◆ **COLLECTED MATERIAL**

------------

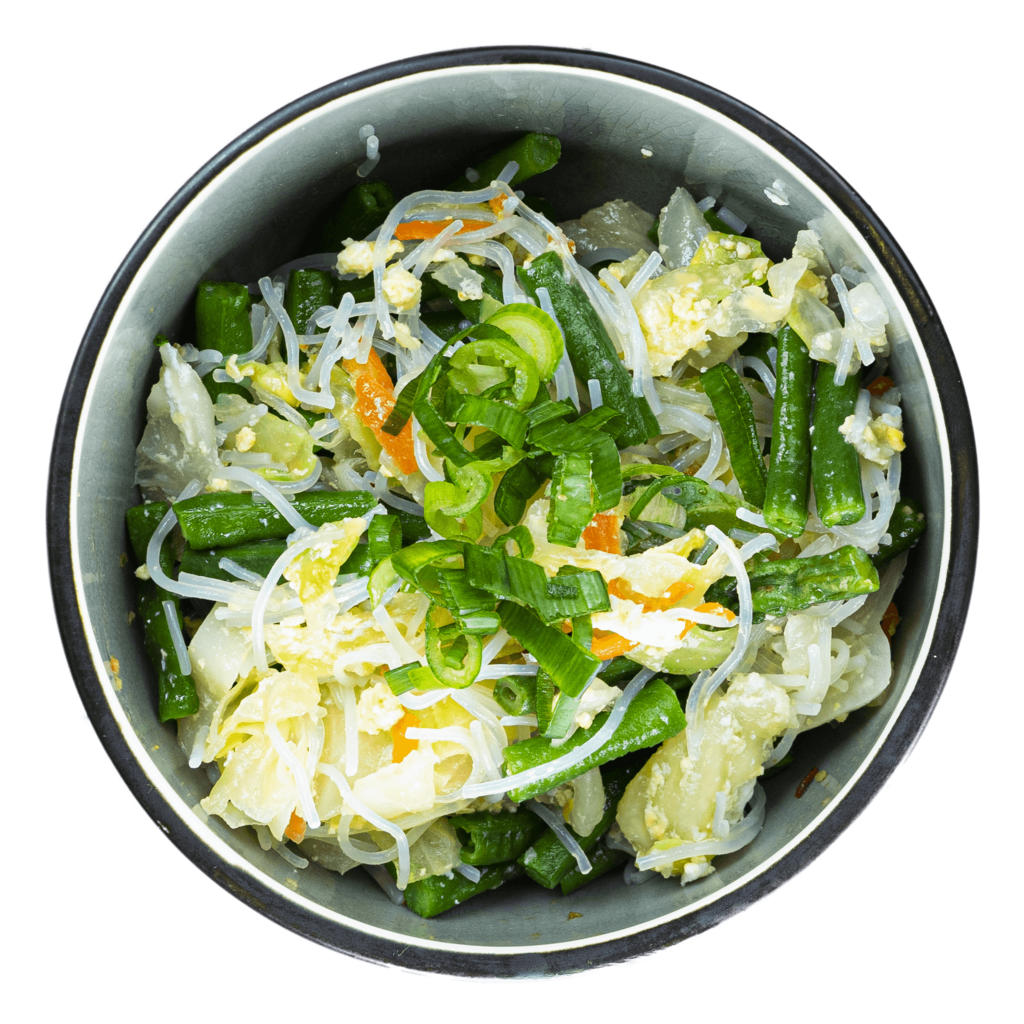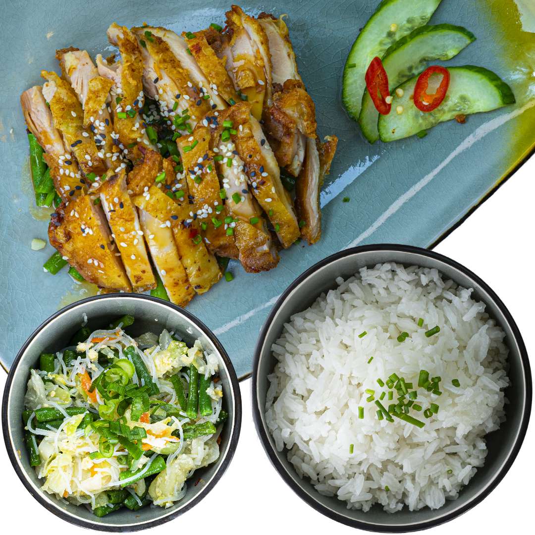 gegrilde kip teriyaki en Indisch groenten gerecht met vermicelli, spitskool en ei
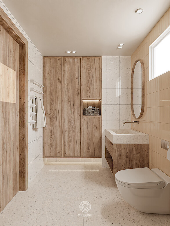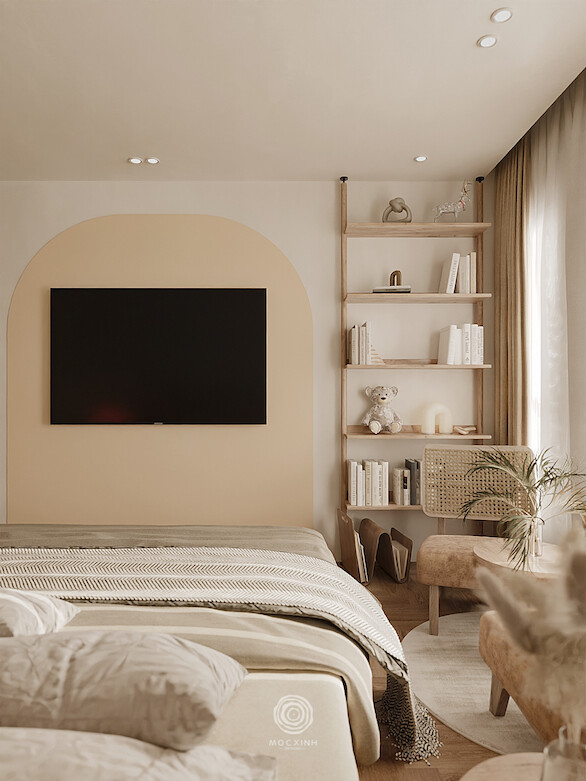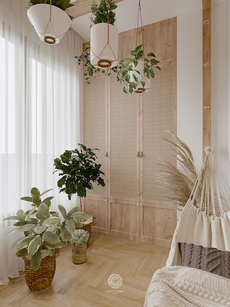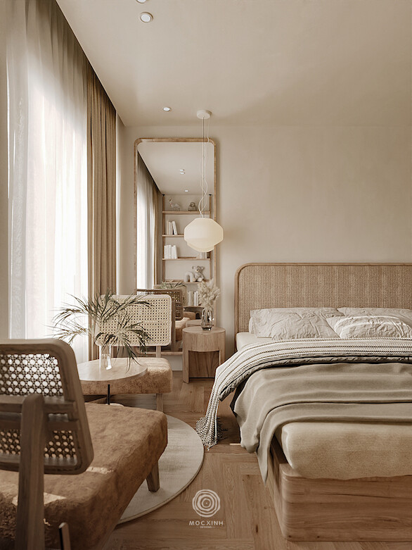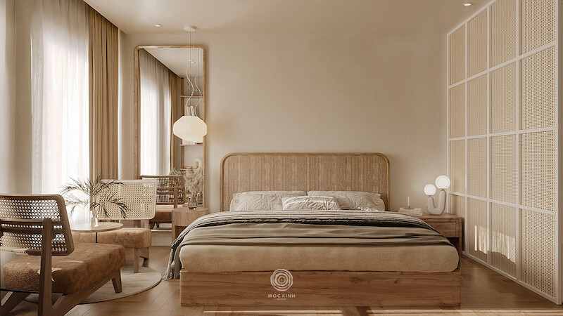 Thay thế cho những mảng gỗ sẫm màu cũ kỹ là hệ gỗ sáng màu kết hợp cùng vật liệu mây đan mắt cáo. Sự xuất hiện của mây tre không chỉ gợi nhắc về nét văn hóa Việt mà còn tạo ra những hiệu ứng xuyên thấu, giúp nội thất trông nhẹ nhàng và bay bổng hơn. Từ hệ tủ kịch trần đến đầu giường, mọi chi tiết đều được bo cong mềm mại, xóa tan sự cứng nhắc của những bức tường bê tông.
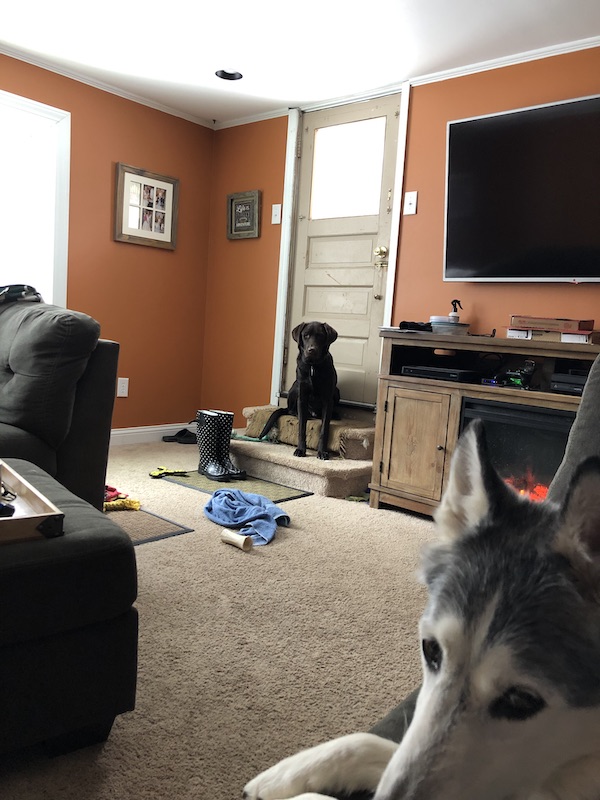 Denali stayed right next to me on the couch last night. She’s back next to me again this morning. Steve, who turned 9 months on Wednesday, is whiny and bored and keeps ringing the bell to go out while I keep saying, “You’re fine.” All is back to normal!

------------

◆ **EXERCISE OBJECTIVE**
What you return must match the data above exactly, with no images included.

◆ **WRITTEN RESPONSE**
 gegrilde kip teriyaki en Indisch groenten gerecht met vermicelli, spitskool en ei
 Thay thế cho những mảng gỗ sẫm màu cũ kỹ là hệ gỗ sáng màu kết hợp cùng vật liệu mây đan mắt cáo. Sự xuất hiện của mây tre không chỉ gợi nhắc về nét văn hóa Việt mà còn tạo ra những hiệu ứng xuyên thấu, giúp nội thất trông nhẹ nhàng và bay bổng hơn. Từ hệ tủ kịch trần đến đầu giường, mọi chi tiết đều được bo cong mềm mại, xóa tan sự cứng nhắc của những bức tường bê tông.
 Denali stayed right next to me on the couch last night. She’s back next to me again this morning. Steve, who turned 9 months on Wednesday, is whiny and bored and keeps ringing the bell to go out while I keep saying, “You’re fine.” All is back to normal!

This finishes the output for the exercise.